Who is James Arthur Ray, anyway? Based in Carlsbad, CA, Ray is a new-age guru with a company called James Ray International, which made $9.4 million in 2008 from various seminars, videos, and books. Ray drew a lot of attention from his appearance in the popular film “The Secret,” which focused on reaching goals, both personal and financial. The Spiritual Warrior event cost participants $9,695.
Seemingly undaunted by the deaths in Sedona, Ray continued to provide spiritual leadership at events. At a seminar in Denver this past Tuesday, he was interrupted by two men who shouted, “Tell them the truth!” and “You control poeple! You stood in front of the door and refused to let people leave!” Ray responded by saying, “I, too, want answers and am cooperating with authorities.” He then asked for a moment of silent prayer for those who had died.
That such an tragedy should have happened is reprehensible. Ray is responsible for these deaths, and I feel certain that he will be charged with some variation or other of homicide. But the larger question that remains with me is, why did so many people ever allow this travesty to occur? To answer this question, we must explore the present state of the human psyche, and try to understand why so many people are rendered so vulnerable so much of the time.
There is not space in this weekly reflection to go into the depth needed to properly explore the answer to my question, of course, but given such a restriction, I want to suggest some ways of thinking about this phenomenon that has occurred:
(1) People in contemporary time have lost their god, and they suffer from the fear and emptiness of that loss. They have substituted bread and circuses, but have found these lacking, ultimately.
(2) Many people are desperately looking for answers to their emptiness and the lack of meaning in their lives, and they will follow almost anyone who promises to give them answers. They fail to look for something as simple as credentials.

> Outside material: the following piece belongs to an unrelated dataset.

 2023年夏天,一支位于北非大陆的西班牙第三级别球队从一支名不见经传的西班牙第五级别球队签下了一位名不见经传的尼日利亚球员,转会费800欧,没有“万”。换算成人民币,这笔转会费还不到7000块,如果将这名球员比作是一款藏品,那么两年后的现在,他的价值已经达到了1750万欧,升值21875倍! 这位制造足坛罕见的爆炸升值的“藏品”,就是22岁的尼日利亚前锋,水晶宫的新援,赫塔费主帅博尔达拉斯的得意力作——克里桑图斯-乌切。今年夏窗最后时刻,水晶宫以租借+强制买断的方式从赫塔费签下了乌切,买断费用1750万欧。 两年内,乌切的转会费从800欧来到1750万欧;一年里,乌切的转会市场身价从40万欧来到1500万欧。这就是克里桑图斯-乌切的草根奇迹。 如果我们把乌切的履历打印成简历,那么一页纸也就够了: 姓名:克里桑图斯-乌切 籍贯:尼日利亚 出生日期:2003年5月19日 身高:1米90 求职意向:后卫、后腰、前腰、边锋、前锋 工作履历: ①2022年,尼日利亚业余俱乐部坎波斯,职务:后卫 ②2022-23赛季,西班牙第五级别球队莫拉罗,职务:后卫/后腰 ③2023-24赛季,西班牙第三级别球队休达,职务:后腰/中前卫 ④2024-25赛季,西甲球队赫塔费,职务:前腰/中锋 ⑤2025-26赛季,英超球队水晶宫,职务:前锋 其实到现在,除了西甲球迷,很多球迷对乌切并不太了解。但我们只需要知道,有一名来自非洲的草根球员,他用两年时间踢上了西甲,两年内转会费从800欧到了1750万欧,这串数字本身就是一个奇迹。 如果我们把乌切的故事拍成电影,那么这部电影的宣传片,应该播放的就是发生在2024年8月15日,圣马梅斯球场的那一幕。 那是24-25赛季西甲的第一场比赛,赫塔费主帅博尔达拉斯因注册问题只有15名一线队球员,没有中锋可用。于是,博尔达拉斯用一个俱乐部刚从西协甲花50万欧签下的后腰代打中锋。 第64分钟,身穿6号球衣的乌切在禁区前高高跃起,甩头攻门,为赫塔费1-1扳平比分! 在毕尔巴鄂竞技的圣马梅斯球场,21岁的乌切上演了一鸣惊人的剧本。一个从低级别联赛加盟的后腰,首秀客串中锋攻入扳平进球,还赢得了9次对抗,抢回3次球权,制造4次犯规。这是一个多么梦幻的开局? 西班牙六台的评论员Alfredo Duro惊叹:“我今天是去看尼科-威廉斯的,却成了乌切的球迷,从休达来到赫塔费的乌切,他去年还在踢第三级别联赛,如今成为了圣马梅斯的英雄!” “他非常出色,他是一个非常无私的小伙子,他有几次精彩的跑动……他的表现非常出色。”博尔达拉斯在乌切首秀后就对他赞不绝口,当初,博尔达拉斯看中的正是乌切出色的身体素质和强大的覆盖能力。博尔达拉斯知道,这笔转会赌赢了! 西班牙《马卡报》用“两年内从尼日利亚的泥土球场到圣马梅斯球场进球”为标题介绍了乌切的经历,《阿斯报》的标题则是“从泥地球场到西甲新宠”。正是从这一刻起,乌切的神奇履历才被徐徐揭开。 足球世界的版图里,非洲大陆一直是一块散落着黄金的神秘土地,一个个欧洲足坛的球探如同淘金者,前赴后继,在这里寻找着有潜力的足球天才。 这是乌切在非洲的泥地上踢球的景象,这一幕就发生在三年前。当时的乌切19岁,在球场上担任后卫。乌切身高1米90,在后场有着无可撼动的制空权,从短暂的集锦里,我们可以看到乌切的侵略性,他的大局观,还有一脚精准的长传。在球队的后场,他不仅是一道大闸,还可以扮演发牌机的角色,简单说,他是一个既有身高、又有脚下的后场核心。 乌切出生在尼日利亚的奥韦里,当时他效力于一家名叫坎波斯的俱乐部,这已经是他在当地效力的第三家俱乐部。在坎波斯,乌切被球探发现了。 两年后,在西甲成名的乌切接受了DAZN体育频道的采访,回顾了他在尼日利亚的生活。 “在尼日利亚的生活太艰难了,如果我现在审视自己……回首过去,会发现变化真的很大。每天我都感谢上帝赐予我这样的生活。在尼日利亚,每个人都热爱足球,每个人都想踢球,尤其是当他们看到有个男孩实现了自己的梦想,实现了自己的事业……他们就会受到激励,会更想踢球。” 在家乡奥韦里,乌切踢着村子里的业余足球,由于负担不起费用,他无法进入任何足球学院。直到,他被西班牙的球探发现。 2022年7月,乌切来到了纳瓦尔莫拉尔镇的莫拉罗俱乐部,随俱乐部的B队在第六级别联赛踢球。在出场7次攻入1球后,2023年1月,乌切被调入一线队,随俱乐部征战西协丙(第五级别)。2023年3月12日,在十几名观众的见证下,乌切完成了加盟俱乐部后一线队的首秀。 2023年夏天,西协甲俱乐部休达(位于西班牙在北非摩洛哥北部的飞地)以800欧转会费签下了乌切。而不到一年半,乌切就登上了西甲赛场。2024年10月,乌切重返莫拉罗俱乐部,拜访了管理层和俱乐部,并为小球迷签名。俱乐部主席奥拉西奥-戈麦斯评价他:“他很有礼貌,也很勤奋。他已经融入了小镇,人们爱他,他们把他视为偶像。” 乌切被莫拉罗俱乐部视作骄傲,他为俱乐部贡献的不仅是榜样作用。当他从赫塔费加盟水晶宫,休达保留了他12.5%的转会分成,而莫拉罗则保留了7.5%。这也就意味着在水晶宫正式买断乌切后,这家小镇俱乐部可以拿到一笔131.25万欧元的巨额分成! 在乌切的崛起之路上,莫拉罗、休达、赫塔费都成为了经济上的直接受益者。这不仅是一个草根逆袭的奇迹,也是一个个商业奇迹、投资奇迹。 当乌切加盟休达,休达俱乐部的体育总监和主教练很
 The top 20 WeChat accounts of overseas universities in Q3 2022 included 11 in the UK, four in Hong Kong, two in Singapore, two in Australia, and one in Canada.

(3) People are social creatures who will “follow the crowd” in spite of the evidence of their own flesh to the contrary. (Contrary to Ray, vomiting and fainting are not signs of spiritual healing.) And they will follow the authority figure.
(4) Many people believe that if you pay a lot of money for something, it will be worth a lot, failing to evaluate an experience for its intrinsic worth. One of the first signs of corruption in a spiritual leader is the high price (money and sometimes sex, always strict obedience) they require from their followers.
(5) It is easier for people to project wisdom and goodness upon a leader than to find it within themselves.
(6) It is easy for any spiritual leader who gains a following to begin to believe his own PR–and that is a spiritual dead-end. It’s fine to seek help from a spiritual leader, but try to recognize one when you see one. They should manifest the qualities of humility, peace, compassion, and justice-seeking instead of self-seeking. They should be reality-based, living on this good, green earth and not in some imagined realm someplace else.
This incident makes me so sad for all of us, for our longing to be whole, for our wish to give ourselves to something greater than ourselves, for our genuine need for rebirth. Makes me feel like the Catcher in the Rye.